The office, which is due to launch on 1 July 2015, is tasked with not only improving the quality of government services, but making sure that they are digital by default and that they can be accessed by everyone in the community.
A key part of this new approach is the development of new ‘alpha’ digital design standards, which have just been announced.
The Digital Service Standard—based on the UK government’s Digital by Default Service Standard—encompasses 16 criteria that all digital services must meet, and which are intended to make services simpler, faster and easier to use.
As discussed in the How to apply the Standard section of the DTO’s site, web accessibility will factor into a number of these service standard criteria:
- Criterion 8—Build the service with common look, feel, tone and function that meets the needs of users—includes requirements for Making content accessible, Writing digital content and Designing inclusive services.
- Criterion 10—Provide ongoing assurance, supported by analytics, that the service is simple and intuitive enough that users succeed first time unaided—includes requirements for Testing web accessibility and Usability testing.
- Criterion 16—Provide ongoing assurance, supported by analytics, that the service is simple and intuitive enough that users succeed first time unaided—includes requirements for Designing inclusive services, Testing web accessibility and Testing services.
Digital Service Standard as NTS successor?
The announcement is an important step forward in progressing web accessibility and access to government information and services online.
While there has been no formal announcement of a successor policy to the National Transition Strategy (NTS)—the policy requiring government websites to be AA compliant with the Web Content Accessibility Guidelines (WCAG) 2.0 by the end of 2014—there are signs that the Digital Service Standard covers very similar ground.
For example, the DTO explicitly states that “digital information as a service, including websites and publications” is covered by the Digital Service Standard:
“All information that is the responsibility of, or is partly owned and/or funded by, a government department or agency is subject to the Digital Service Standard. If the information is completely new then, from June 2015, it must meet the Standard before it can go live. If the information is already published it will need to be updated to follow the Standard.
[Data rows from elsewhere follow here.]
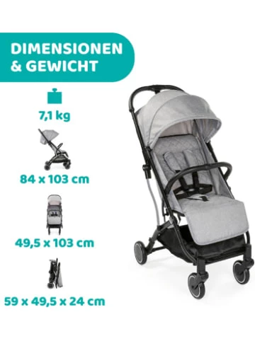 – kann wie ein Trolley gezogen werden– kompakt zusammenklappbar– mit Einhand-FaltmechanismusLässt sich wie ein Trolley hinter sich herziehen – der Buggy „Trolley Me“ von CHICCO.Aktive Babys, die selbstständig die Welt entdecken möchten, gehen gerne mal spazieren und wollen nur gelegentlich in einem Wagen sitzen – oder vielleicht doch lieber getragen werden? Da stehen Eltern schnell vor dem Problem: „Wie transportiere ich nun Buggy und Baby?“ Chicco hat die Lösung parat: den „Trolley Me“. Dieser Sportwagen ist so praktisch wie ein Koffertrolley, einfach mit einer Hand zusammenklappen und hinter sich herziehen! Der geräumige, komfortable Sitz mit Schulterpolstern und gepolstertem Mittelsteg bietet kleinen Weltentdeckern ab der Geburt bis zu einem Körpergewicht von 15 Kilogramm ein gemütliches Plätzchen. Die Rückenlehne lässt sich vollständig absenken und kann stufenlos befestigt werden. Dank verstellbarer Fußstütze kann eine Liegefläche von 85 Zentimetern Länge geschaffen werden. Das Verdeck ist mit einem Netzfenster für gute Sichtbarkeit und Luftzirkulation ausgestattet. Der besondere Clou: der innovative Frontbügel lässt sich in der Mitte öffnen, für besonders leichtes Ein- und Aussteigen.Lieferumfang:– 1 x Buggy– 1 x RegenschutzDetails:– schwenk- und feststellbare Räder– Verstellbarkeit der Rückenlehne bis in die Ruheposition– verstellbare Fußstütze– vorne gefedert– Gurtsystem: 5-Punkt– Verdeck mit Netzfenster– mit Schutzbügel– Belastbarkeit Buggy: bis zu 15 kg– Belastbarkeit Einkaufskorb: bis zu 3 kgMaße: – aufgebaut: ca. 49,5 x 103 x 84 (B x H x T)– zusammengeklappt: ca. 49,5 x 59 x 24 (B x H x L)– Länge der Liegefläche: ca. 85 cm– Gewicht: ca. 7,1 cmMaterial: Kunststoff, Textil, MetallAltersempfehlung:ab 6 Monat(e) bis 36 Monat(e)
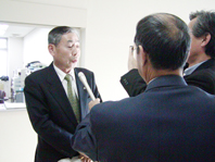議会を終えてテレビなどの取材に応じる宇都野町長
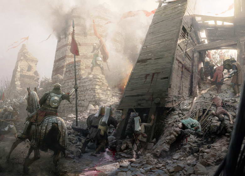 Ulubatlı Hasan Ağa ve sekbanlarının Topkapı (Hagios Romanos) bölgesinde açılan gedikten sancak dikmek ve şehre girmek üzere burca çıkışları. Jose Daniel Cabrera Peña, Constantinople 1453.
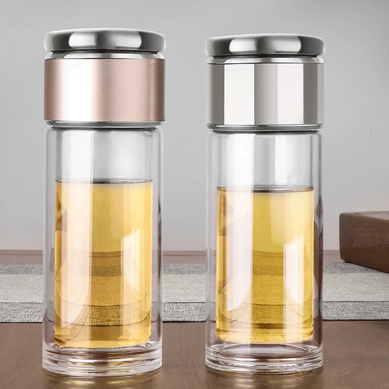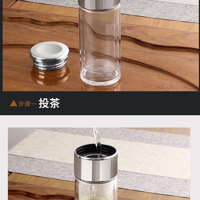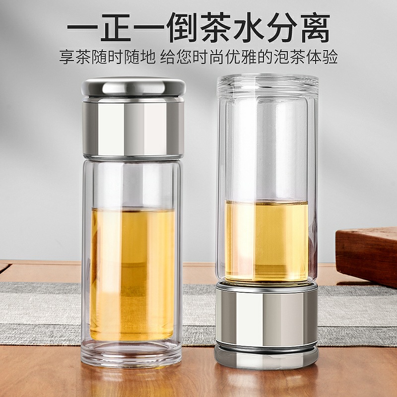 網紅茶水分離杯雙層玻璃杯家用透明玻璃水杯商務禮品茶杯隔熱
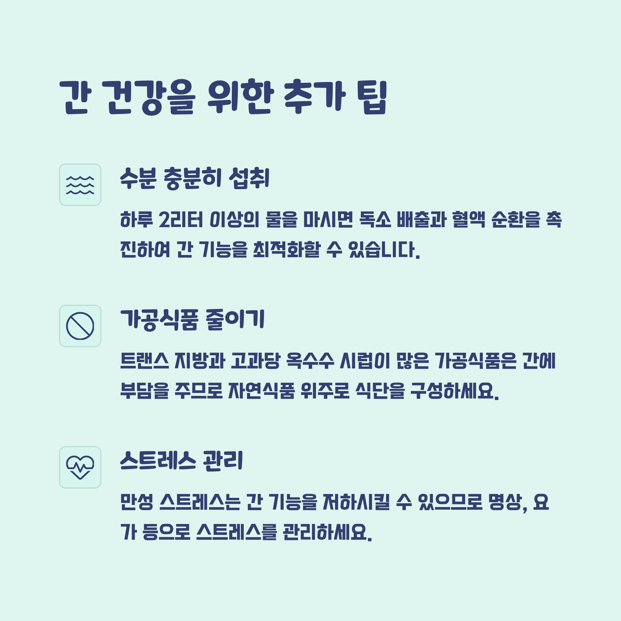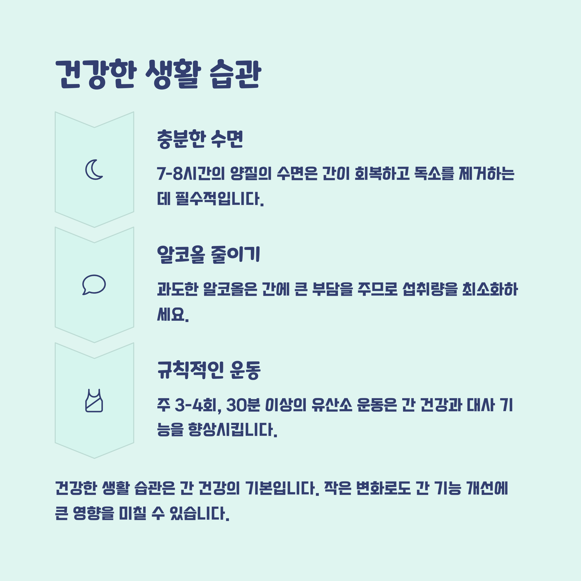 간 건강을 유지하려면 위 식품들을 규칙적으로 섭취하는 것 외에도 다음과 같은 생활 습관을 실천하는 것이 중요합니다.

Agencies must provide a plan outlining how they will adopt the Standard for their information service by September 2015.”
The DTO also places emphasis on making online government transactions accessible, stating that all new services and all existing high volume Australian Government services (greater than 50,000 transactions each year, such as tax returns) must adopt the Digital Service Standard.
According to the DTO, if a service is already operating, then agency responsible will need to provide a transition plan, by September 2015, on how it will adopt the Digital Service Standard.
In a blog post on the digital design standards, the DTO’s Jacqui van Teulingen wrote that the standard would also be supported by a Digital Service Design Guide, developed with agencies’ input, to provide practical guidance to agencies on how to meet the standard.